Modern TTS systems means that game characters can now respond with vocal expressiveness that really brings them to life. Coupled with generative AI chatbots like ChatGPT, the possibility of convincingly accurate real-time interactions is now achievable.

Choosing A Text-to-Speech Provider

The first step to integrating TTS technology into your app is to find a reliable provider. 

There are a number of choices available. You can choose to go for one of the big name providers – AWS Polly, Google Cloud Text-to-Speech, or IBM Watson, for example. 

However, the most powerful solutions are coming from the smaller independent text-to-speech providers, such as Voicery and ElevenLabs. These providers are at the cutting-edge of the technology and as they are smaller and leaner, can offer more affordable, scalable, and powerful APIs.

When you’re on the lookout for a TTS provider, you need to know exactly what they offer. It’s not just about lifelike voices but also the variety of voices, languages supported, ease of integration, and latency.

For instance, ElevenLabs doesn’t just provide high-quality voice output. They also excel in voice cloning, which means you can create unique character voices that fit your game’s narrative. 

Their robust API ensures seamless integration into your game engine too, paving the way for real-time, low-latency voice output and an unforgettable gaming experience.

Integrating TTS into Game Engines

Unity, Unreal, GameMaker, etc - Various engines offer different levels of support and ease for TTS integration. Depending on which game engine you’ve used, it may impact the integration.

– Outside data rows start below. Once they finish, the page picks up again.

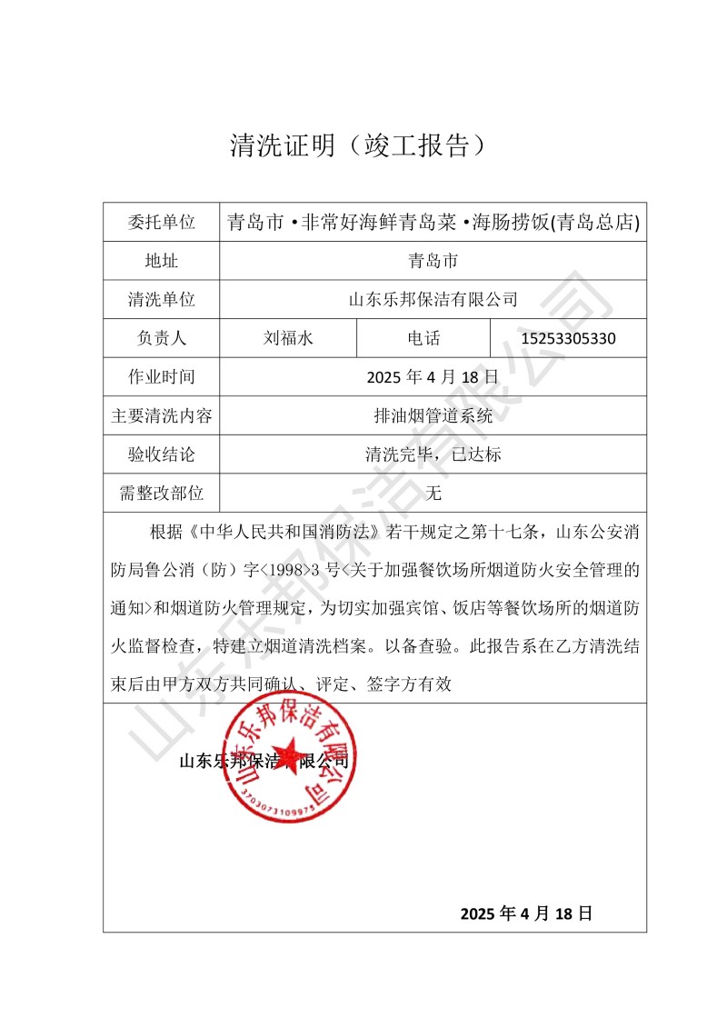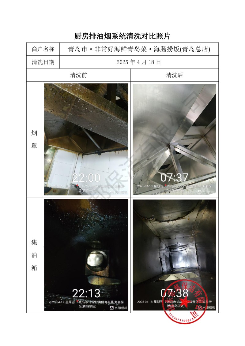 青島市·非常好海鮮青島菜·海腸撈飯(青島總店)清洗報告25.4.18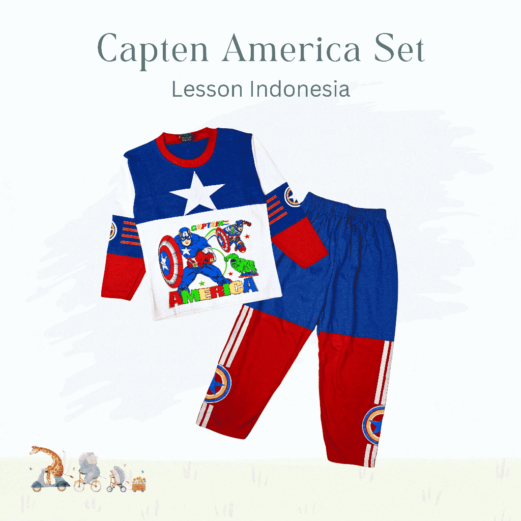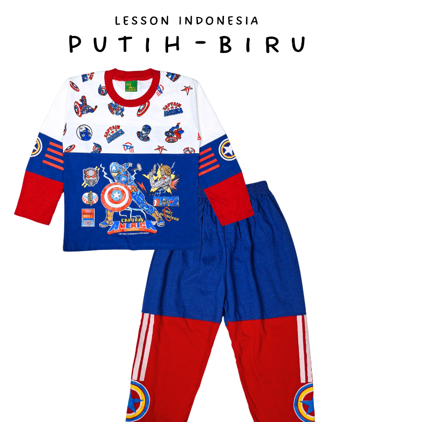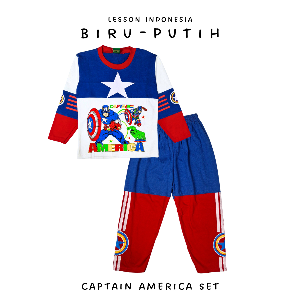 Setelan Anak Laki Laki Baju Tidur Motif Captain America Lesson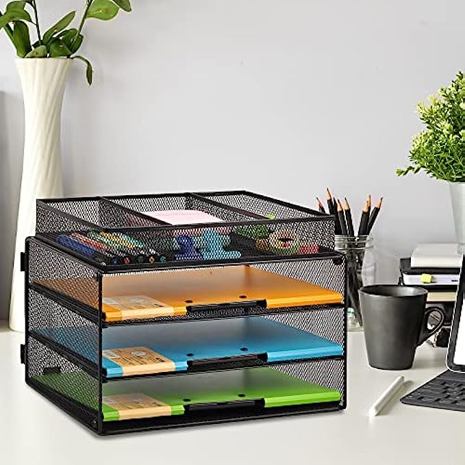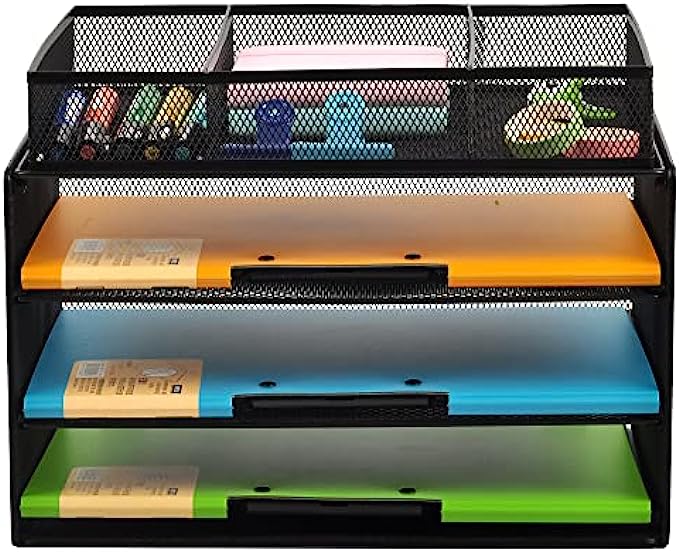 GDINDINFAN Paper Letter Tray Organizer, 3 Tier Mesh File Tray Desktop Paper Sorter with Drawer, Black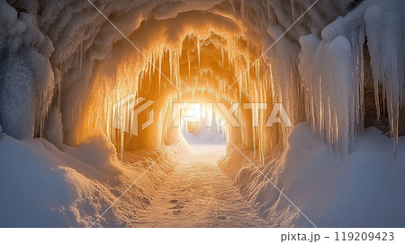 氷の洞窟に差し込む朝日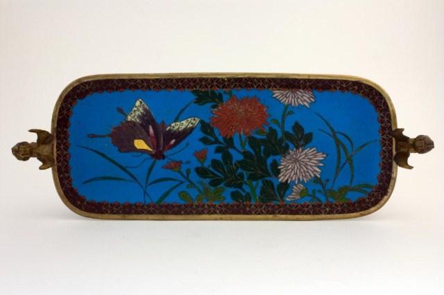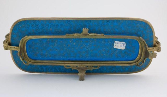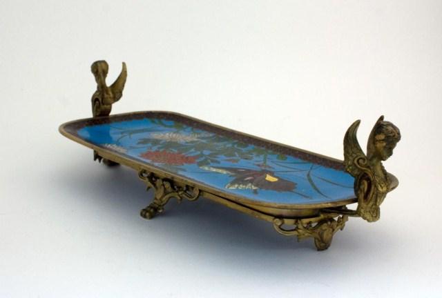 Has a beautiful multicolor floral and butterfly design with blue background. Mounted on a french bronze footed base with figural winged bust handles. 19th Century. Measures 10 3/4" length x 1/4" width 3" height.

How To Set Up ElevenLabs with Unity

Unity provides a flexible game engine to integrate text-to-speech into. Here is an overview of how to get started with the ElevenLabs API:

  1. Get API Credentials

Sign up on ElevenLabs to get your free API key. This will be passed with API requests for authentication.

  1. Make a TTS Request

Make a request to ElevenLabs API:

IEnumerator GetVoiceRequest(string textToVoice)
{
    var postData = new TextToVoiceRequestModel
    {
        text = textToVoice,
        model_id = "eleven_monolingual_v1"
    };

    ...

    var url = $"https://api.elevenlabs.io/v1/text-to-speech/{voiceID}";

    var request = UnityWebRequest.PostWwwForm(url, json);

    var downloadHandler = new DownloadHandlerAudioClip(url, AudioType.MPEG);

    request.uploadHandler = uploadHandler;
    request.downloadHandler = downloadHandler;
    request.SetRequestHeader("Content-Type", "application/json");
    request.SetRequestHeader("xi-api-key", yourAPIKey);
    request.SetRequestHeader("Accept", "audio/mpeg");

    ...
  1. Handle the Response

The Generate method returns audio data which can be handled:

C#

    yield return request.SendWebRequest();

    if (request.result != UnityWebRequest.Result.Success)
    {
        Debug.LogError("Error downloading audio: " + request.error.ToString());
        yield break;
    }

    AudioClip audioClip = downloadHandler.audioClip;
    audioSource.PlayOneShot(audioClip);
    request.Dispose();
}

This plays the generated speech immediately.

With just a few lines of code, you can now integrate ElevenLabs’ optimized voices into your Unity games.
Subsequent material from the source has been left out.